==== PROVIDED RECORDS ====

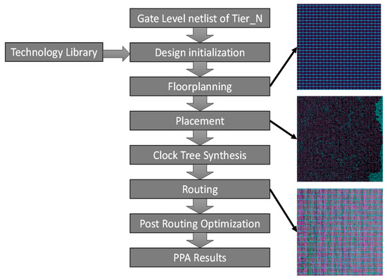 The MIV insertion step is followed by the placement and routing implementation carried out with the ICC2 EDA tool. The detailed steps of this process are shown in Figure 9. The first step of the flow is the design initialization, which sets up the design environment and loads the technology library into the system. A 32 nm standard cell library was used to implement the flow, which was obtained from Synopsys®. The cell density of the different tiers of the 3D design are matched with that of the 2D design to aid in consistency and to achieve a fair result comparison. The design initialization is followed by the floor planning, which builds the PG grid and the core area. Each tier of the design consists of a total of nine metal layers to accommodate the interconnects.
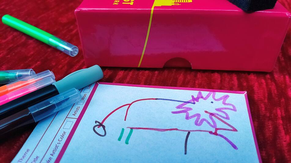 Das Partyspiel mit dem ungewöhnlichen Namen kommt mit so einfachen Regeln daher, dass alle Mitspielenden jederzeit einsteigen können, auch wenn sie keinerlei künstlerisches Talent mitbringen. Es für eine größere Runde gedacht, die kleine Schachtel aus dem Hauses Oink Games ist leicht zu transportieren. Während die charakteristisch-kompakten Boxen bei anderen Oink-Spielen keine Nachteile mit sich bringen, ist das hier anders: Der Malblock ist bei vielen Teilnehmer*innen zu klein, um von jedem gut gesehen zu werden. Hier sollte man sich mit einem größeren Blatt Papier behelfen. Weiter sollte beim Aufheben der Motivkärtchen vorsichtig vorgegangen werden, da die Schrift leicht verwischt. Ein weiteres Manko des Spiels: Die Gruppe sollte groß genug sein - wir empfehlen ein Minimum von sechs Spielenden, auch weil eine/r am Tisch immer als Spielleiter*in fungiert und beim Malen und Entlarven außen vor ist.
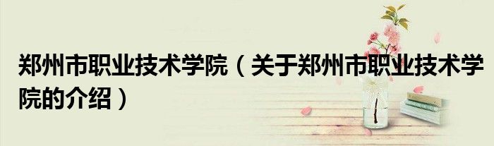 大家好,小都来为大家解答以上的问题。郑州市职业技术学院,关于郑州市职业技术学院的介绍很多人还不知道,现在让我们一起来看看吧!
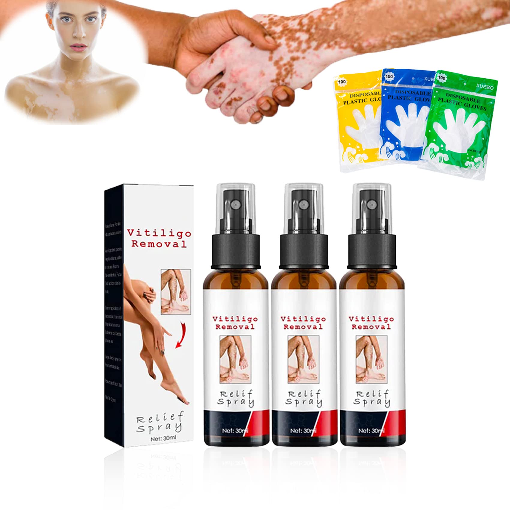 ——————————— Welcome to DASHENRAN, I wish you a happy shopping ——————————— We provide you with a variety of trustworthy and high-quality products, and hope you can buy the products you like. If you have any questions, please feel free to contact us. We will reply you within 24 hours. ========================================================== Vitiligo Removal Relief Spray, Vitiligoremoval Relief Spray, Vitiligo Skin Repair Spray Why choose our Vitiligoremoval Relief Spray? Relief vitiligo skin and reduce the appearance of white spots. Help improve skin pigmentation to fade the skin vitiligo Promote a more even skin tone Made from various natural plant extracts, gentle and effective Help adjust skin pigmentation and restore natural skin tone Slowly repairs the originally lost melanin of the skin. Specification: Name: Vitiligoremoval Relief Spray Net weight: 30 ml Shelf life: 3 years Storage: Cool and Dry Place Package Includes: 1/2/3/5 Pcs X Vitiligoremoval Relief Spray 1/2/3 Pack Disposable Glove(80 Per Pack) Notice: 1.Please allow slight measurement deviation due to manual measurement. 2.Due to different monitors and lighting effects, the actual color of the item may be slightly different from the color shown in the picture.
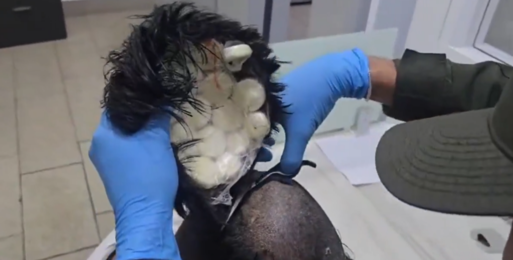 Luego, con unas tijeras comienza a retirar el peluquín y revela los envoltorios de polvo blanco que pareciera ser cocaína. Con una prueba rápida se confirma que sí es un alcaloide por lo que se procede a su detención.
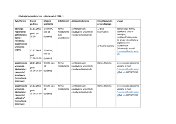 Edukacja humanistyczna ‐ oferta na I‐II 2016 r.: Tytuł formy Data i godzina Miejsce spotkania Odpłatność Adresaci szkolenia Imię i Nazwisko prowadzącego Uwagi Edukacja regionalna i patriotyczna dzieci i młodzieży. Współczesne wyzwania (HST4) 11.01.2016 1/ WCDN, sala 11 zainteresowani forma nieodpłatna nauczyciele wszystkich etapów edukacyjnych (sieć współpracy) 1/ Ewa Skrzywanek kontynuacja formy, spotkania 1 raz w miesiącu; możliwość dołączenia do grupy lub udziału w pojedynczych spotkaniach (informacje: e‐mail: [email protected]. pl); godz. 17‐ 18.30 (I piętro) 2/ Hanna Staniów 17.02.2016 2/ WCDN, sala 11 godz. 17.00‐18.30 (I piętro) Współczesne wyzwania edukacyjne – nauczyciel kreatywny (konsultacje zbiorowe) 20.01.2016 Współczesne wyzwania edukacyjne – nauczyciel „globalny” (konsultacje zbiorowe) 24.02.2016 WCDN, sala 12 godz. 15.00‐18.00 (I piętro) forma zainteresowani nieodpłatna nauczyciele wszystkich etapów edukacyjnych Hanna Staniów wcześniejsze zgłoszenie udziału: e‐mail: [email protected]. pl lub tel. 607 327 410 forma zainteresowani nieodpłatna nauczyciele wszystkich etapów edukacyjnych Hanna Staniów wcześniejsze zgłoszenie udziału: e‐mail: [email protected]. pl lub tel. 607 327 410 WCDN, sala 12 godz. 15.00‐18.00 (I piętro) JST4 12.01.16 WCDN eTwinning‐ współpraca europejska przez Internet godz. Sala 11, 16.00 – 19.15 I piętro (informator Bezpłatne warsztaty nauczyciele każdej specjalności Joanna Stefańska Bezpłatne warsztaty nauczyciele języków obcych na II etapie edukacyjnym Joanna Stefańska Bezpłatne warsztaty nauczyciele każdej specjalności Joanna Stefańska (4h) s.214) JST5 14.01.16 WCDN Jak przygotować ucznia do sprawdzianu szóstoklasisty z języka obcego godz. Sala 1, 15.00 – 19.00 I piętro (5h) JST4 23.02.16 WCDN eTwinning‐ współpraca europejska przez Internet godz. Sala 11, 16.00 – 19.15 I piętro (informator s.214) (4h) Zacznij z hukiem‐ sposoby na dobry początek lekcji bezpłatna 11.01.2016 SP nr 107 godz.16.30 ul. Prusa 64 Nauczyciele j. polskiego Agata Wodzińska Zgłoszenie elektroniczne na adres [email protected] oc.pl Analiza tekstów kultury 11 stycznia godz.15.00‐ 18.00 WCDN bezpłatna Nauczyciele języka polskiego Bożena Święch, Ewa Obara Grączwska Maturalne wymagania dotyczące nauki o języku 27 stycznia godz. 15‐ 18.00 WCDN bezpłatna Nauczyciele języka polskiego IV etapu edukacji Bożena Święch, Ewa Obara Grączwska bezpłatnie 19 stycznia Szkoła Konsultacje 2016 Podstawowa dla nauczycieli w Godz. 11.00 Nr 68 ul. ramach Szczęśliwa projektu 28 „Czytajmy razem”‐ nowe działania, nowe pomysły Nauczyciele SP: Lidia Zyga 74,95,64,107,9,68,85,ZSP 13, ZSP 3 Konsultacje zbiorowe dla nauczycieli Nauczyciele bibliotekarze 28 stycznia 2016 r. WCDN sala 12 bezpłatnie Lidia Zyga Proszę o zgłoszenia meilowe [email protected] do 25 bibliotekarzy – projekt MEN „ Narodowy Program Rozwoju Czytelnictwa ” Godz. 12.00 I piętro Konferencja dla Liderów akcji „Cały Wrocław czyta” 26 stycznia 2016 r. Warsztaty: „Bibliotekarz e szkolni promują czytelnictwo” 20 godzin Doskonalenie warsztatu pracy w oparciu o sześć podstawowy ch zasad właściwego nauczania Gimnazjum stycznia 2016 bezpłatnie Lidia Zyga, Liderzy akcji, inni nauczyciele Małgorzata zainteresowani promocją Olewińska‐ Syta czytelnictwa 200 zł od uczestnika Nauczyciele bibliotekarze, inni zainteresowani nauczyciele Lidia Zyga Proszę o zgłoszenia meilowe na adres [email protected] do 22 lutego 2016 r. bezpłatna Nauczyciele języka polskiego w gimnazjach Elżbieta Kielman zgłoszenia: [email protected]. pl Nr 18 , ul. Godz. 13.00 Kłodnicka 36 25 luty 2016 Gimnazjum 12.01.2016 r. WCDN Nr 18, ul. Godz.13.00 Kłodnicka 36 godz. 16:00 – 19:00 Rekomendowane tematy rad pedagogicznych na styczeń‐luty 2016. Tytuł rady pedagogicznej Ilość godzin Coaching czytelniczy, czyli metody na promocję 3 czytelnictwa „ Gry i zabawy czytelnicze początkiem podróży 3 w krainę wyobraźni” Adresaci szkolenia Nazwisko prowadzącego Szkoły i przedszkola Wrocławia Lidia Zyga, Małgorzata Olewińska‐ Syta Lidia Zyga, Małgorzata Olewińska‐ Syta Szkoły i przedszkola Wrocławia Uwagi

====

> EXERCISE DIRECTIONS:
Using the records above, print exactly the run of lines that starts with the line with "大家好,小都来为大家解答以上" and goes on through the line with "Luego, con unas", pictures excluded.

> TASK ANSWER:
 大家好,小都来为大家解答以上的问题。郑州市职业技术学院,关于郑州市职业技术学院的介绍很多人还不知道,现在让我们一起来看看吧!
 ——————————— Welcome to DASHENRAN, I wish you a happy shopping ——————————— We provide you with a variety of trustworthy and high-quality products, and hope you can buy the products you like. If you have any questions, please feel free to contact us. We will reply you within 24 hours. ========================================================== Vitiligo Removal Relief Spray, Vitiligoremoval Relief Spray, Vitiligo Skin Repair Spray Why choose our Vitiligoremoval Relief Spray? Relief vitiligo skin and reduce the appearance of white spots. Help improve skin pigmentation to fade the skin vitiligo Promote a more even skin tone Made from various natural plant extracts, gentle and effective Help adjust skin pigmentation and restore natural skin tone Slowly repairs the originally lost melanin of the skin. Specification: Name: Vitiligoremoval Relief Spray Net weight: 30 ml Shelf life: 3 years Storage: Cool and Dry Place Package Includes: 1/2/3/5 Pcs X Vitiligoremoval Relief Spray 1/2/3 Pack Disposable Glove(80 Per Pack) Notice: 1.Please allow slight measurement deviation due to manual measurement. 2.Due to different monitors and lighting effects, the actual color of the item may be slightly different from the color shown in the picture.
 Luego, con unas tijeras comienza a retirar el peluquín y revela los envoltorios de polvo blanco que pareciera ser cocaína. Con una prueba rápida se confirma que sí es un alcaloide por lo que se procede a su detención.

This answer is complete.